A VACCINE in development at the University of Oxford could be ready as early as September, researchers have revealed.
The team of scientists is led by Irish professor Adrian Hill, who previously worked on Ebola and maria vaccines.
The high-profile research, which launched in May, recruited up to 10,000 people to be used in human trials of the vaccine the team had in development.
Now researchers have revealed that the human trials have shown extremely positive results, with the vaccine potentially providing "double protection" against the virus.
According to The Daily Telegraph, blood samples taken from volunteers who received the vaccine showed accelerated growth in antibodies and T-cells, which play a vital part in the body's immune response.
David Carpenter, chairman of the Berkshire Research Ethics Committee said the vaccine was "absolutely on track"-- and could be widely available as close as September.

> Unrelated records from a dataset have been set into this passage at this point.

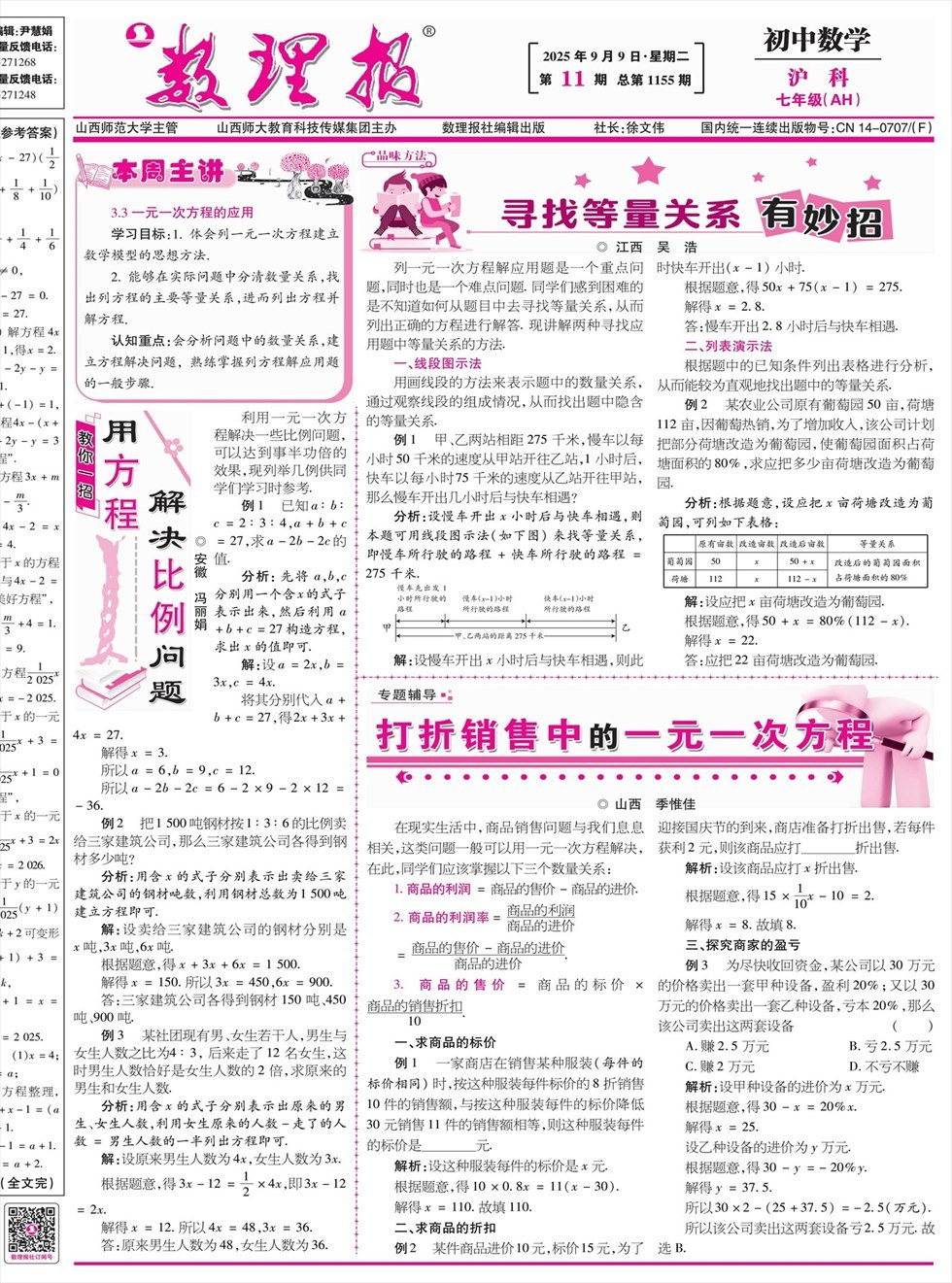 数理报·七年级数学沪科版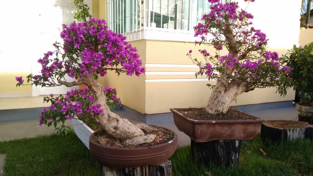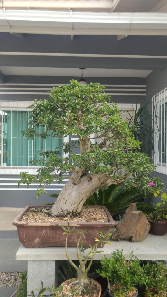 Parei de novo ao lado do novo amigo e educadamente agradeci pela excelente refeição (né?), e comentei fazer parte de uma escola de bonsai e expliquei do que se referia, (vão anotando), daí tive espaço pra comentar sobre a bouganvílea que estava agonizando em seu barranco, engolida pela grama e que por ser um arbusto vigoroso seria uma planta de muita manutenção, e que pra bonsai me serviria muito, quem sabe uma troca? Eu sugeri.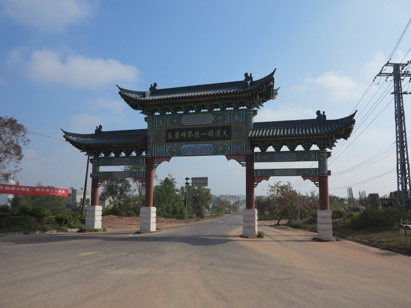 江南车站没有运德的车,这里是超大集团的地盘,运输也算规范,准时发车。G325以前去北海走过,但这次有好长一段在修路,车速不快,司机说要三个半小时,春节路上的人车都不多,一路前行看看窗外难过的山水。防城停了一站,接着就直奔东兴了。之前和司机打了招呼,我们去看一号界碑,中国陆地边境和海岸线的交 接点—北仑河口。车过防城,走在S325上,在离东兴还有8公里的路边就是大清国一号界碑的景区,司机师傅把我们放了下来,这次旅行的第一站到了。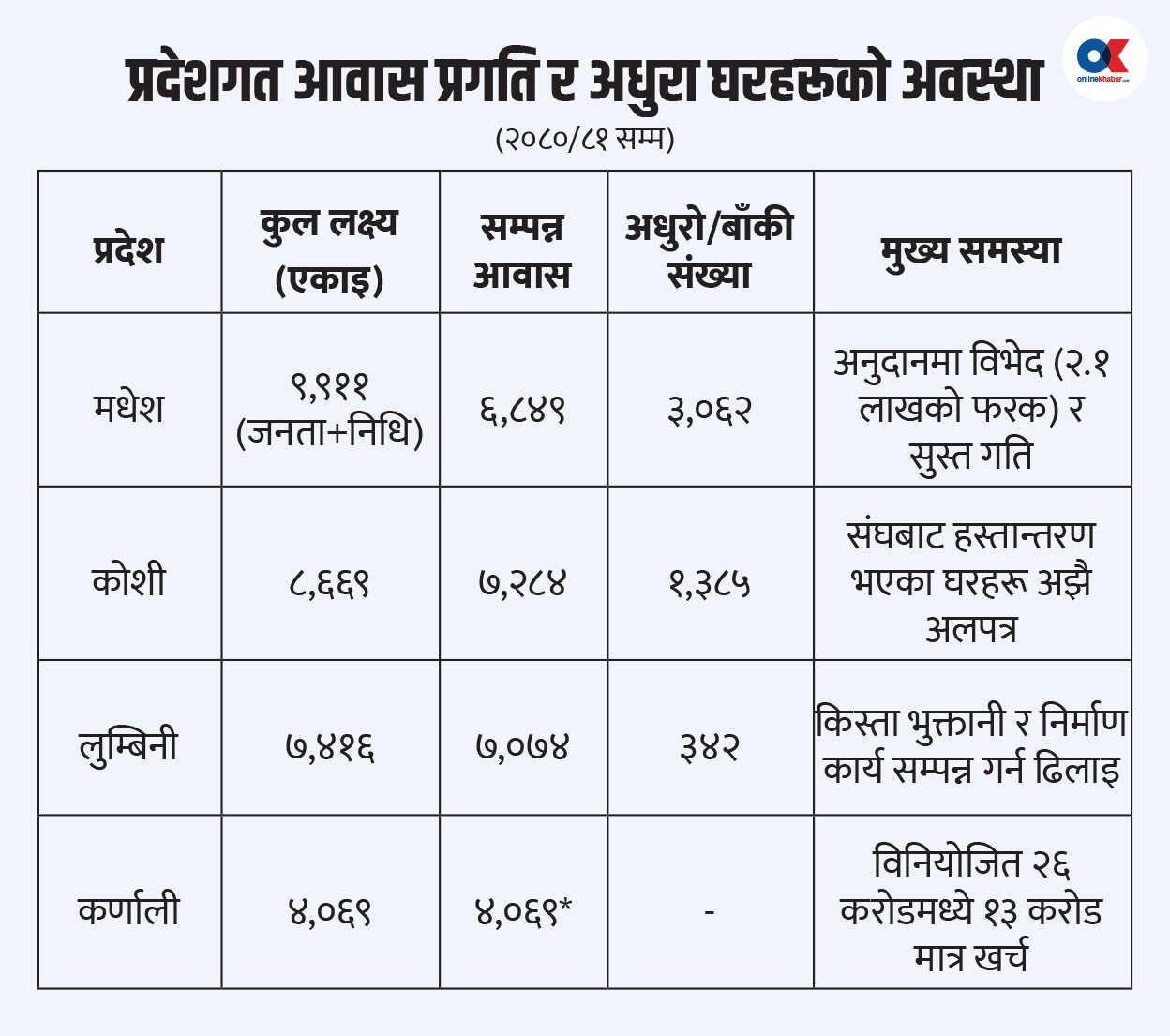 कोशी प्रदेशको अन्योल र संघ-प्रदेश समन्वयको अभाव : कोशी प्रदेशको अवस्था पनि उत्तिकै निराशाजनक छ, जहाँ कुल लक्ष्यको १५ प्रतिशतभन्दा बढी अर्थात् १,३८५ घरहरू अझै निर्माणको पर्खाइमा छन्। यहाँको सबैभन्दा बिझाउने पक्ष भनेको संघीय सरकारबाट हस्तान्तरण भएका ९८४ घरहरू लामो समयदेखि अलपत्र पर्नु हो।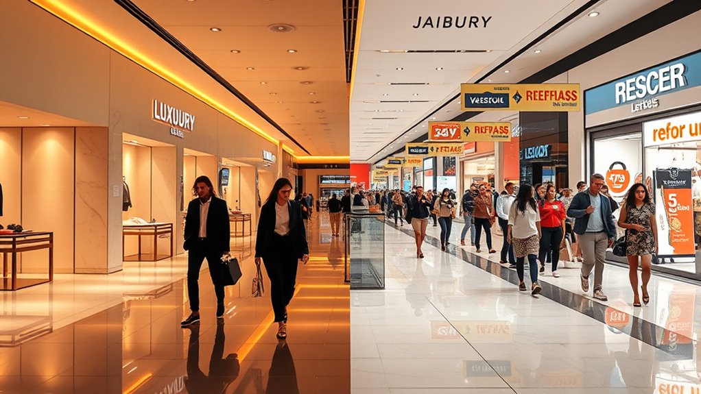 In today’s economy, a K-shaped split favors resilient luxury brands by allowing them to thrive as their wealthy customers continue investing in high-end goods and experiences. Meanwhile, many consumers tighten their budgets and cut back on discretionary spending. This divide highlights how affluent groups maintain or even increase their spending, supporting luxury’s strong performance. If you want to understand how this split impacts the market and what it means for consumers, there’s more to explore.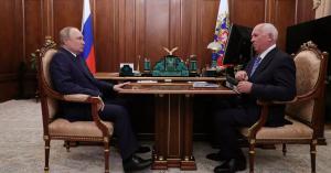 Vladimir Putin, 69, looked dazed and bloated as he sat across from defence giant Sergey Chemezov, whose company Rostec builds an array of military hardware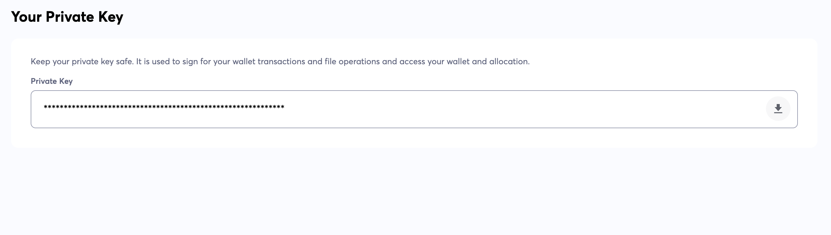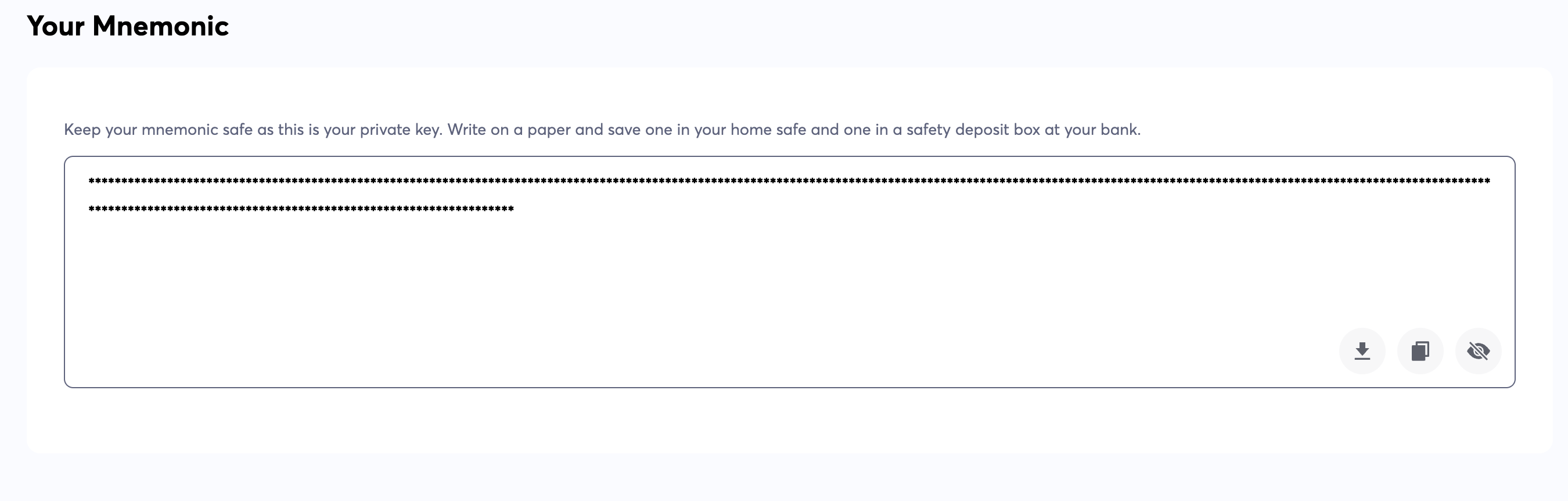 **Your Private Key:** Similar to Mnemonic, your private key can give access and control over your account. Make sure to keep it secure. If you have your Mnemonic safe and secure, there is no need to save this one. If saved, keep it offline, and do not share it with anyone.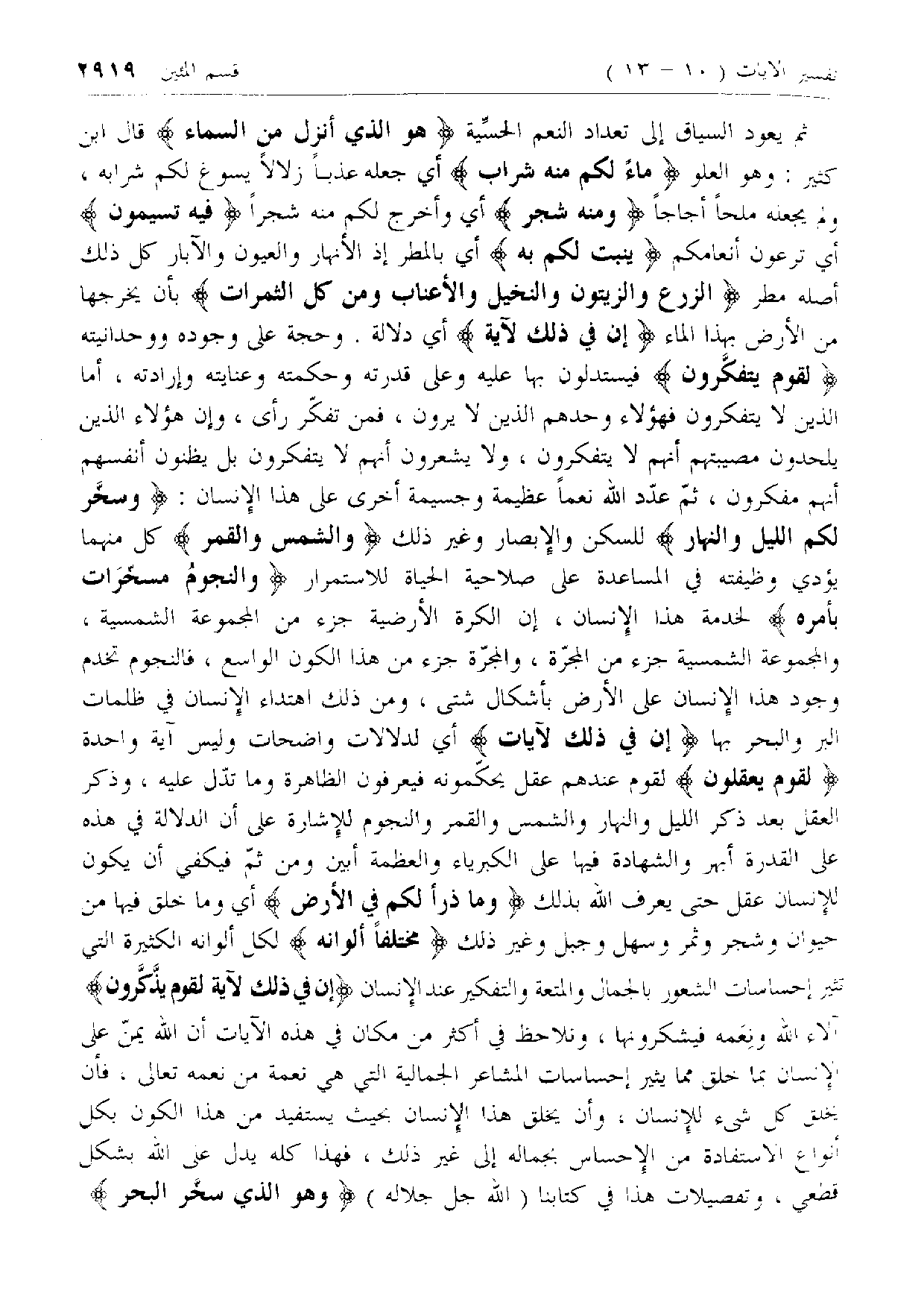 ثم يعود السياق إلى تعداد النعم الحسيّة هُوَ الَّذِي أَنْزَلَ مِنَ السَّماءِ قال ابن كثير: وهو العلو ماءً لَكُمْ مِنْهُ شَرابٌ أي جعله عذبا زلالا يسوغ لكم شرابه، ولم يجعله ملحا أجاجا وَمِنْهُ شَجَرٌ أي وأخرج لكم منه شجرا فِيهِ تُسِيمُونَ أي ترعون أنعامكم

Admitting that "nobody can put final dates" as "things might go wrong", Mr Carpenter said "the reality is that by working with a big pharma company, that vaccine could be fairly widely avalailable around September and that is the sort of target they are working on".
If the vaccine works, priority will be given to the most vulnerable, such as the elderly, immunocompromised and healthcare workers.
The initial testing is so positive, the pharmaceutical company has already agreed to supply around two billion doses of the vaccine worldwide, according to Sky News.
In further positive news in the global fight against the virus, a vaccine being trialled in the United States by Moderna Inc has also exceeded all expectations.
The New England Journal of Medicine revealed yesterday that the prototype shot, named mRNA-1273, has "revved up" people's immune systems against the virus.
According to researchers, all 45 of the tests subjects-- healthy people ranging in age from 18 to 55-- produced antibodies similar to the amount found in people who had contracted and recovered from the virus
Used in the same way as vaccines against other viruses and diseases, the mRNA contains a small amount of Covid-19, and when entered into the body of a healthy person, forces the body to produce an immunity response.
Some experienced mild flu-like symptoms but initial trials indicate the vaccine is safe.
Dr Kizzmekia S Corbett from the US National Institutes of Health said the vaccine "exceeds all expectations".